Nope. There is not one standard Unicode encoding, but several. The most
common one is UTF-8, which is a variable length encoding where each Unicode
character can take from 1 to 4 bytes (originally it was up to 6, but that's
deprecated now). Another variable-length encoding is UTF-16, where each
character can occupy between 2 and 4 bytes. The only fixed-length encoding
is UTF-32 (UCS-4), where each character requires 4 bytes.
> I'd like to try with wstring and see whether this solves
> something.
I haven't used C++ in a long time, but isn't wstring based on wchar_t,
which is 2 bytes long? If so, it won't solve anything.
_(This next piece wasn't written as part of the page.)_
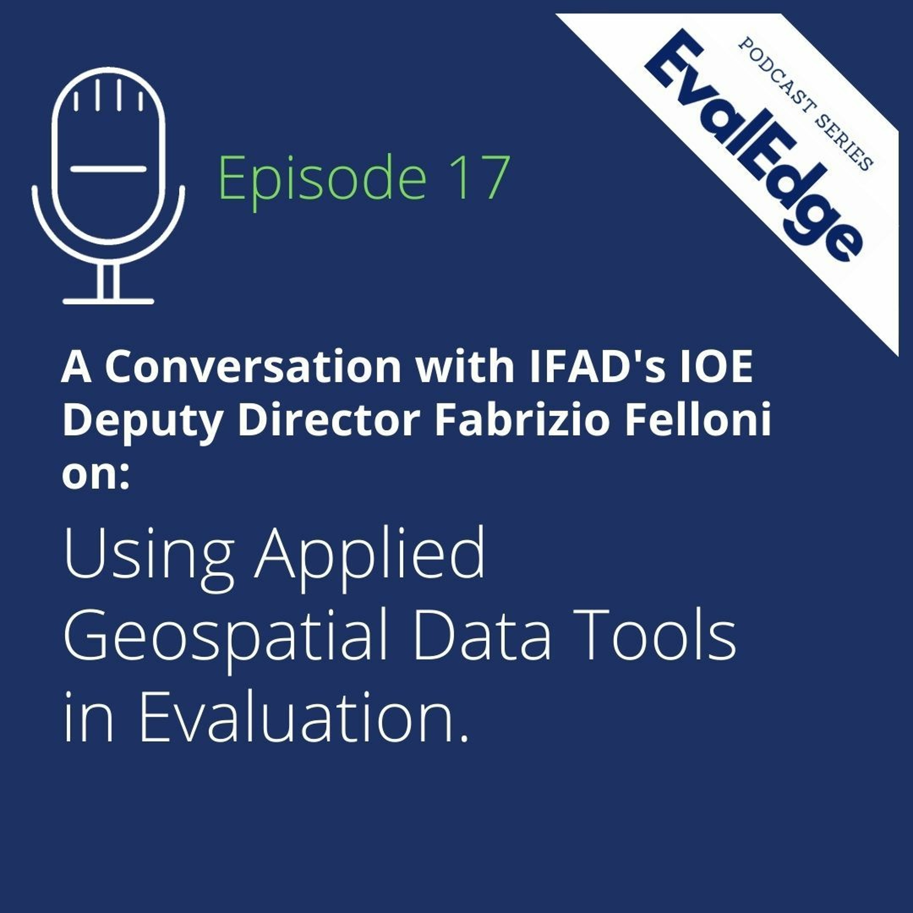 In this episode we speak with IFAD's IOE Deputy Director Fabrizio Felloni about IFAD's experience in using innovative technologies like geospatial data in evaluation. For further information, see IFAD IOE recently published guideline “Geospatial tools and applications to support IOE". This episode features Podcast team members Alena Lappo and Valentine Gandhi.

There is no
Unicode encoding that uses a fixed-length of 2 bytes!
Lorenzo, I think we can give you a hand in implementing this. However,
if you read through this entire thread you will notice that the best
course of action is dependent on a crucial piece of information which
you are the most qualified person to provide: we need a list of the
manipulations that Source-highlight applies to strings.
Hope that helps!
Best regards,
Dario Teixeira